A brand new Toyo holder I've just checked with a micrometer depth gauge measures 4.9 mm from mating face to septum, both sides.

I'm now thoroughly confused why all those filmholders seem not to conform to the stated ANSI standard.
Anyone got a Sinar precision holder they could measure?

-- Pete Andrews (, May 31, 2001.

Pete, the ANSI standard really is 0.197" from seating surface to septum ("T") for 4x5 holders. It's larger for 5x7 and deeper yet for 8x10. Most camera makers assume film base thickness of 0.007" which converts to 0.178mm. Yes, I understand the concept of significant digits. Round off at your pleasure.

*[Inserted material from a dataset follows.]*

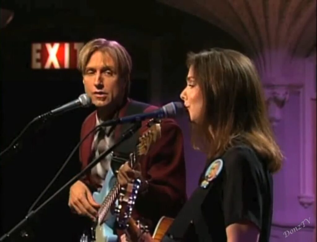 From the first notes, the studio atmosphere shifted. There was no spectacle, no grand arrangement. Just the fragile clarity of Griffith’s voice and the restrained, almost conversational bass lines from Will Lee. Together, they created a sparse musical space where every lyric could breathe. The story of Caroline, a woman worn down by circumstance and loneliness, unfolded with an intimacy that television rarely captures.

My measurements of at least two dozen Fidelity/Lisco holders produced data scattered widely above and below ANSI's nominal "T" specification, frequently outside the stated tolerances. I don't claim any specific degree of accuracy, but stand by my high precision.

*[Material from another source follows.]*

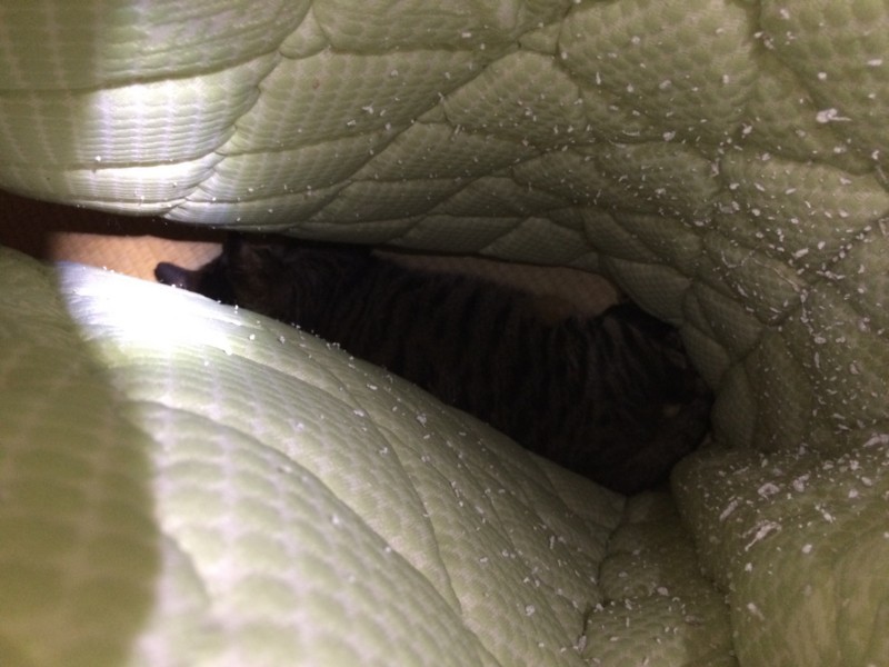 マットの隙間に入って以来、すっかりおとなしくなって私が何をしていても出てこない。

It could be that your measurements have thoroughly confused you because of those factors influencing the task that Robert enumerated. In my opinion, you're on the right track with Toyo holders. Don't worry about the standard, however. Instead, just make sure your ground glass imaging surface corresponds to your holders, taking into account the focal plane shift of any poorly placed (i.e. on the lens side) frensel. Once you achieve this *system* calibration, all will be as sharp as possible in your work.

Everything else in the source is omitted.